The system integrates with major robotics brands including ABB, Universal Robots, and FANUC. In 2025, the company collaborated with more than 15 integration and solutions partners across Europe and the United States.

The flexible automation market is growing at 14.3% CAGR, driven by labour shortages, high-mix production requirements, and cost pressures pushing manufacturers toward adaptive systems with faster return profiles.

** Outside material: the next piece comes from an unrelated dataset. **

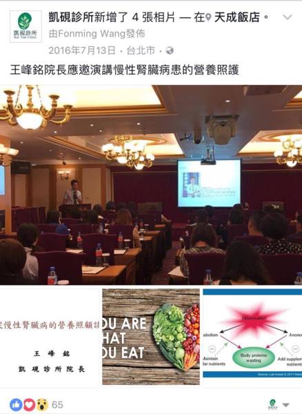 天母 凱硯診所王峰銘醫師 王峰銘院長應邀演講慢性腎臟病患的營養照護

  • Last Fall, Trener Robotics won the prestigious Machine Tool Innovation Award at the world’s largest Machining Tradeshow (EMO Hannover) in recognition of its groundbreaking approach to robotics. This award highlights the industry’s shift away from complex, code-heavy programming toward an AI-driven model like Trener Robotics platform, where robots can learn, adapt, and perform complex tasks with human-like intuition.
  • In late 2024, Trener Robotics was selected as the winner in the ABB AI Startup Challenge, which accelerates the robotics and AI industries by seeking innovation across the three key areas of natural language programming, skill learning, and autonomous decision-making. 

Trener Robotics positions Acteris as an intelligence layer for industrial automation, enabling manufacturers and system integrators to deploy adaptable AI skills across diverse production environments.

Investors said the company’s rapid scaling since its seed round demonstrates traction in a segment increasingly focused on adaptive control systems rather than fixed-function robotics.